When in doubt, put it to the t-test.
Nobody got that one yet? It isn't fair for me to answer--I assigned that problem (the inverse) when homeschooling math, so I recognize it.
Your ethics in recusing yourself are admirable.
Let's see...2520 is divisible by 9. (The digits sum to a value divisible by 9.) And divisible by 10, 5. (Last digit is zero.)And divisible by 8. (Since 520 is divisible by 8.)And divisible by 7. (A little harder...used this algorithm. Also got 2520/7 = 360.)Divisibility by 9 implies divisibility by 3. Divisibility by 8 implies divisibility by 2 and 4. Both of the above imply divisibility by 6.Thus, 2520 is divisible by 2, 3, 4, 5, 6, 7, 8, 9, and 10. (And divisible by 1.)Looking at the factorization, 2520 = 5(7)8(9) = 2^3(3^2)5(7), so there shouldn't be a smaller integer divisible by all integers in the range [1,2,...10].
Full credit for showing your work.
Mathematics is not my strong point with the exception of giving birth to a mathematician. My initial thought was "But... it was 2525 wasn't it?"

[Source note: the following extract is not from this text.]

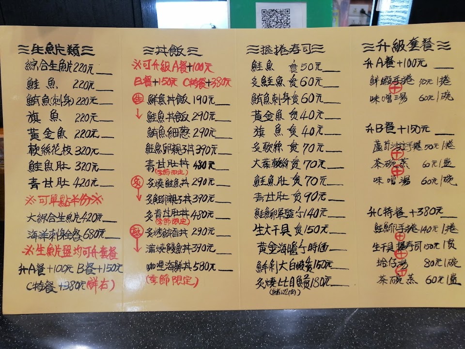 之前經過都很多人排隊,趁連假(10/9)終於有機會在這邊用餐,不知道是不是因爲在漁港吃海鮮,覺得真的新鮮特別好吃,魚湯的味道很鮮美,鮭魚肚的生魚片也比在其他市區壽司店的油花還要豐富,還有我最愛的鮮蝦手卷,只有生菜跟兩隻蝦,沒有飯也沒有苜蓿芽的那種,超級大加分!個人不喜歡有飯的手卷?整體印象很深就是很美味,可惜我們去的那天有看到幾隻蒼蠅在飛,但因為太好吃還是給滿分~ …

Sweet. SJ March, I'm handing this to my 15 year old. heh. heh. heh.I followed the process until you looked at factorization. I understand your conclusion but not the process there. Don't tell me. I guess I will have to have my 15 year old explain it to me. They say that teaching someone else helps you learn. heh. heh. heh.